Provided data ▸
=== Section Start ===

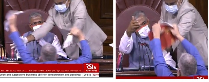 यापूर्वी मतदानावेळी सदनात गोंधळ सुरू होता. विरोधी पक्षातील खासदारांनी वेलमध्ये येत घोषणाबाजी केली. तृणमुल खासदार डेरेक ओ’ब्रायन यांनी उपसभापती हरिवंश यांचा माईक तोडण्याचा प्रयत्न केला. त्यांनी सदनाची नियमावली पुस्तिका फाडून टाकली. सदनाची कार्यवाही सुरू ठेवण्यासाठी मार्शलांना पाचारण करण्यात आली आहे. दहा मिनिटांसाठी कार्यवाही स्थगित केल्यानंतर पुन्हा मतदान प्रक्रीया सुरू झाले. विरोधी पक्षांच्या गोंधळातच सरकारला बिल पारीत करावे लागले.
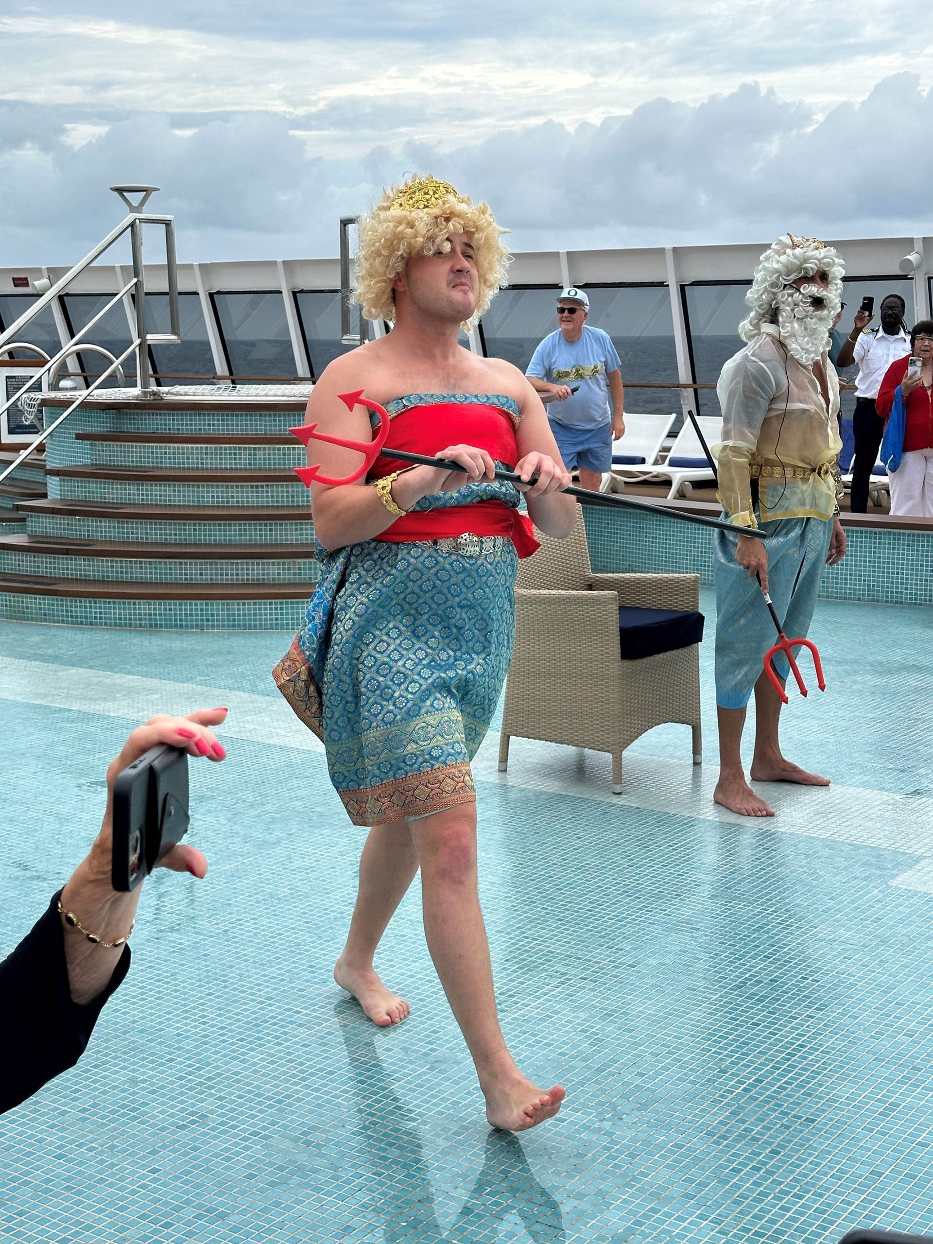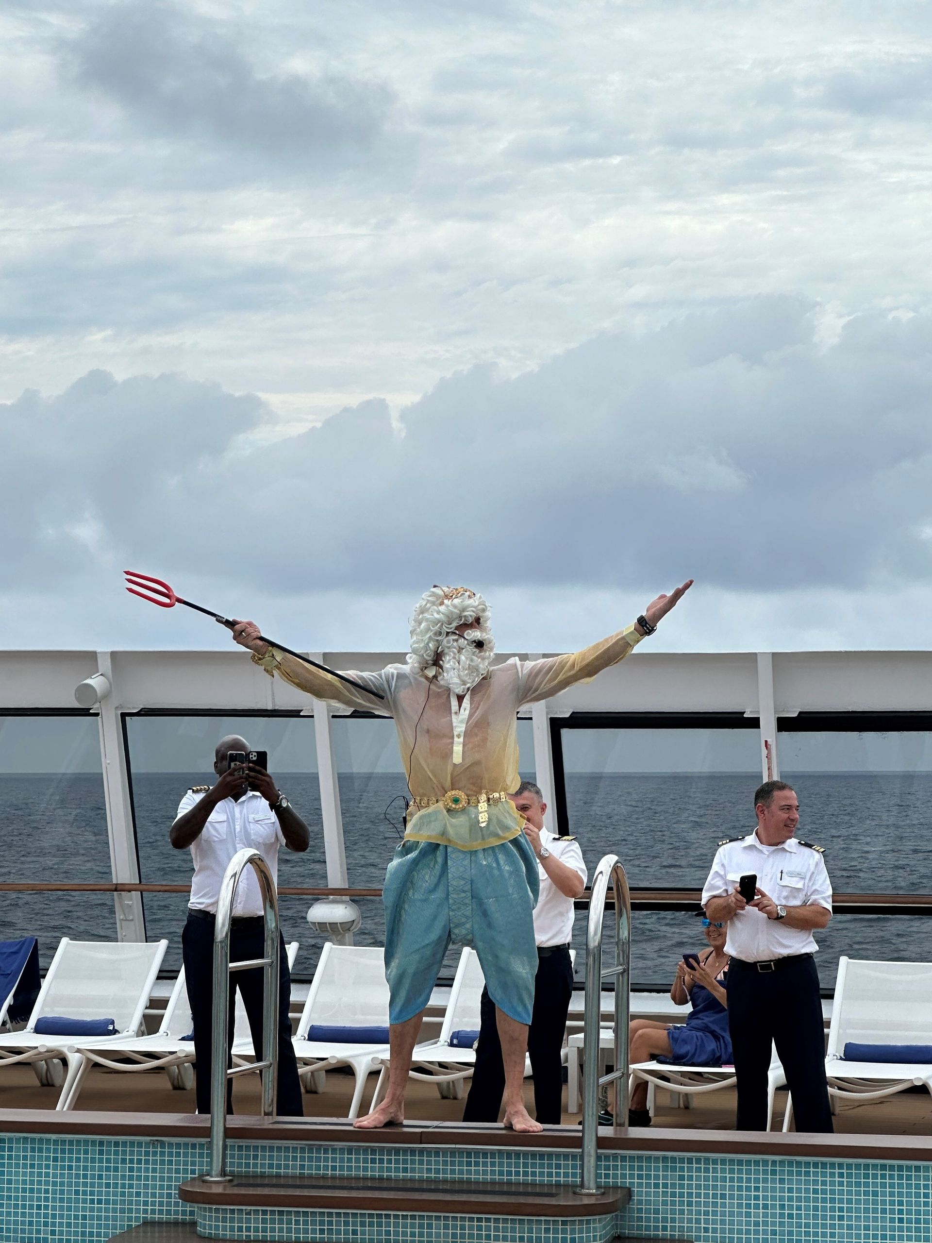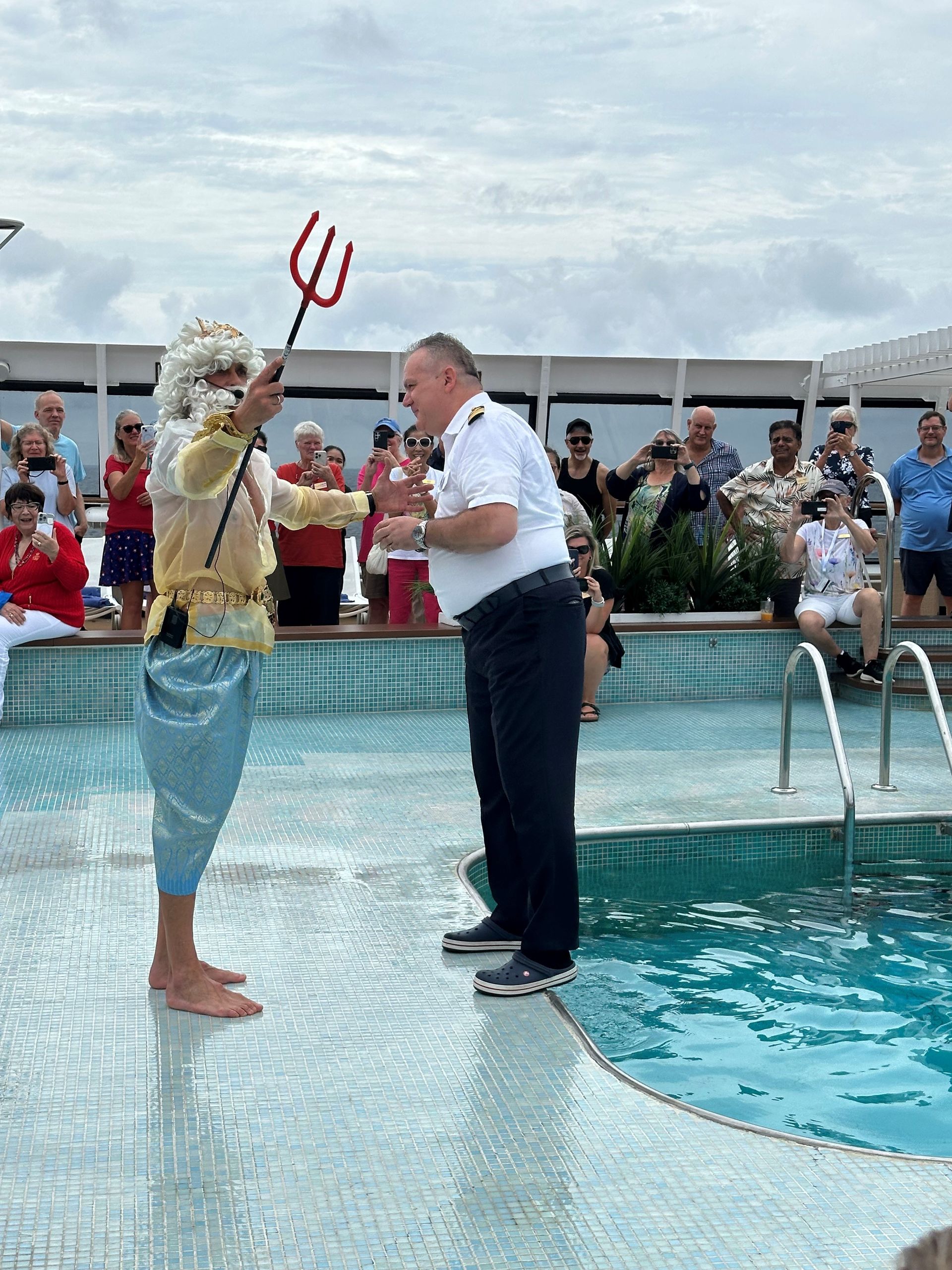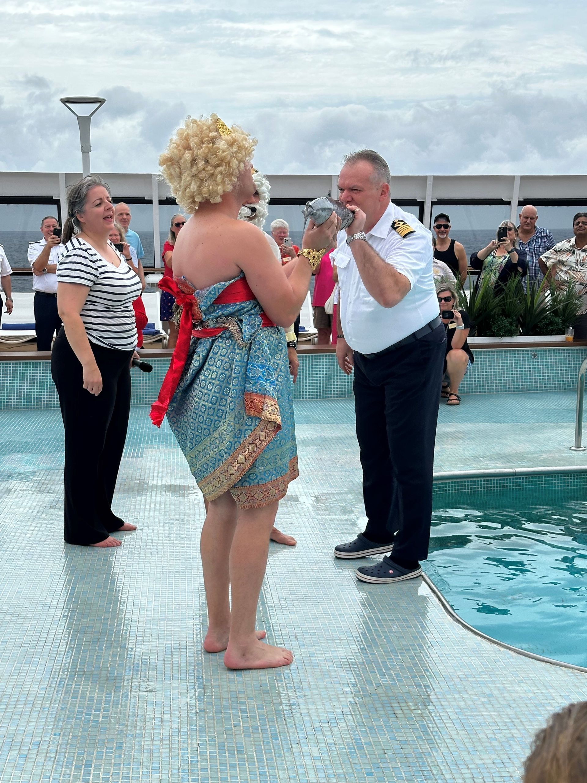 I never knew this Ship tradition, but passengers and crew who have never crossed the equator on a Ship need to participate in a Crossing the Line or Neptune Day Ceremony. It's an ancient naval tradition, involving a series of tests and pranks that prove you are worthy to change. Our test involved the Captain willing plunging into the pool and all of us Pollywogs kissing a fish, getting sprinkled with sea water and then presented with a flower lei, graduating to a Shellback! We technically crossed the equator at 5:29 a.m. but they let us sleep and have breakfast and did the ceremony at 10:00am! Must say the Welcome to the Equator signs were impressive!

=== Section End ===
=== Section Start ===

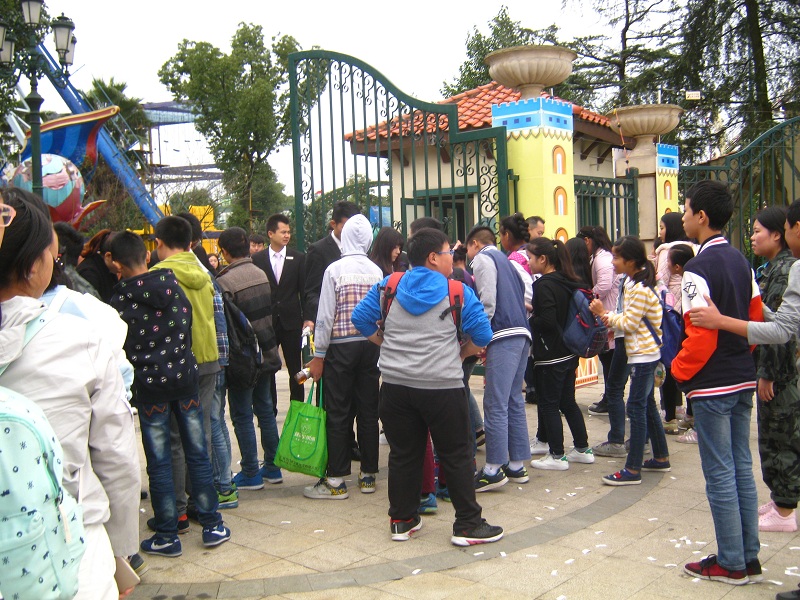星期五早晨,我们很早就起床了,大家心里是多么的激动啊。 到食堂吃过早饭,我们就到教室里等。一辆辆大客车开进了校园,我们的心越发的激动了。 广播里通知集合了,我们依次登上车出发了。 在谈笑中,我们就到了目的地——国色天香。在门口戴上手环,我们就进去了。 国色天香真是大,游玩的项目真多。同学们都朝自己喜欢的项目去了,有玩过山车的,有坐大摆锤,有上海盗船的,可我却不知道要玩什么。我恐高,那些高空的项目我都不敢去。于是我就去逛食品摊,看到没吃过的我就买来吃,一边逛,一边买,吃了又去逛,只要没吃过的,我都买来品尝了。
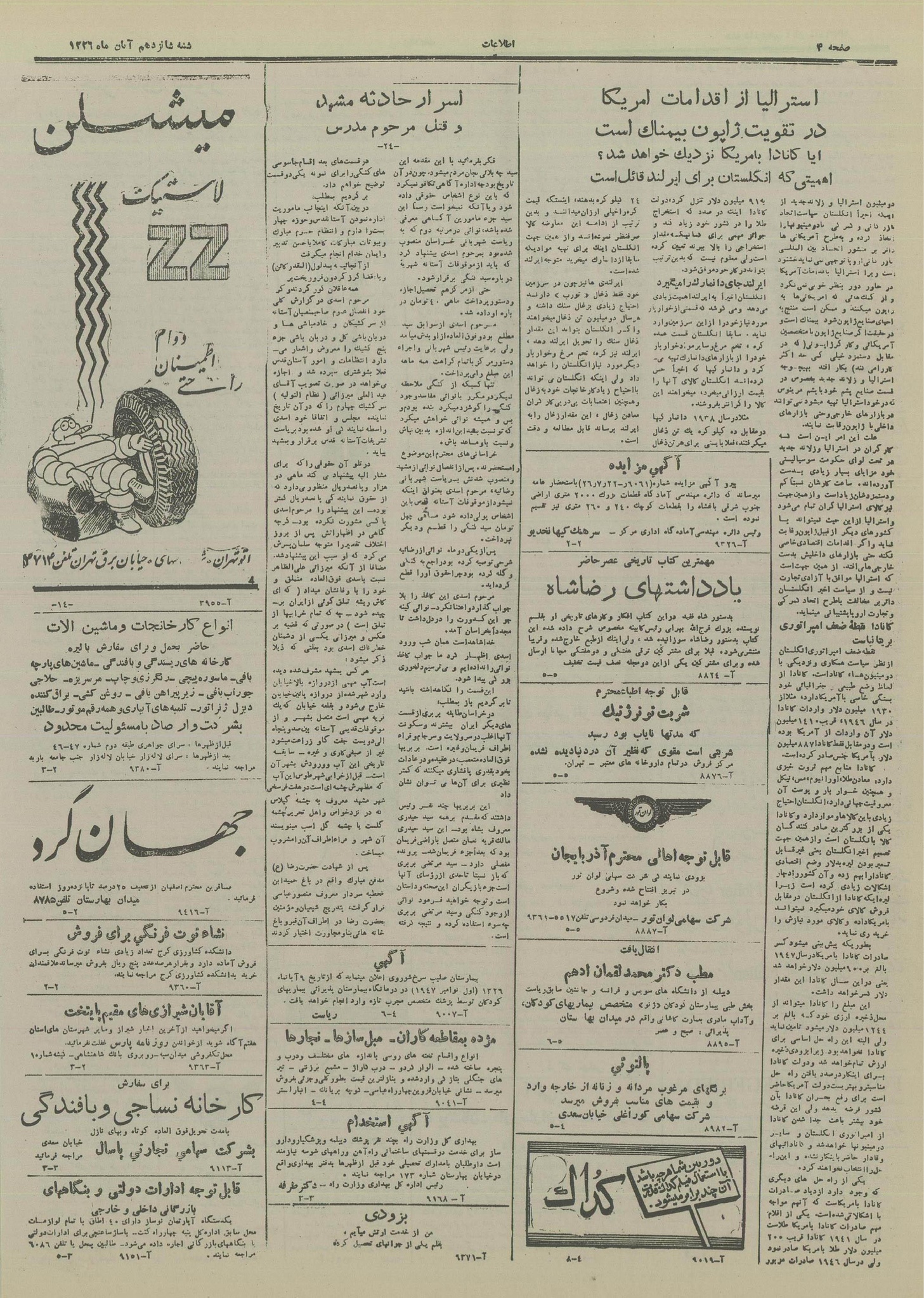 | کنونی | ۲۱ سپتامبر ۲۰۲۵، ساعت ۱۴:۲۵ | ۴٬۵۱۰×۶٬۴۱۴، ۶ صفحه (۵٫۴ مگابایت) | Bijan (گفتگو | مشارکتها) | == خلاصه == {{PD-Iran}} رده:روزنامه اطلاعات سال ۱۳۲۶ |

=== Section End ===

Exercise prompt ▸
Range to copy from the listing above: the line containing "यापूर्वी मतदानावेळी सदनात" down to the line containing "I never knew", both included. Reproduce it exactly, minus the pictures, and add nothing.

The completed task ▸
 यापूर्वी मतदानावेळी सदनात गोंधळ सुरू होता. विरोधी पक्षातील खासदारांनी वेलमध्ये येत घोषणाबाजी केली. तृणमुल खासदार डेरेक ओ’ब्रायन यांनी उपसभापती हरिवंश यांचा माईक तोडण्याचा प्रयत्न केला. त्यांनी सदनाची नियमावली पुस्तिका फाडून टाकली. सदनाची कार्यवाही सुरू ठेवण्यासाठी मार्शलांना पाचारण करण्यात आली आहे. दहा मिनिटांसाठी कार्यवाही स्थगित केल्यानंतर पुन्हा मतदान प्रक्रीया सुरू झाले. विरोधी पक्षांच्या गोंधळातच सरकारला बिल पारीत करावे लागले.
 I never knew this Ship tradition, but passengers and crew who have never crossed the equator on a Ship need to participate in a Crossing the Line or Neptune Day Ceremony. It's an ancient naval tradition, involving a series of tests and pranks that prove you are worthy to change. Our test involved the Captain willing plunging into the pool and all of us Pollywogs kissing a fish, getting sprinkled with sea water and then presented with a flower lei, graduating to a Shellback! We technically crossed the equator at 5:29 a.m. but they let us sleep and have breakfast and did the ceremony at 10:00am! Must say the Welcome to the Equator signs were impressive!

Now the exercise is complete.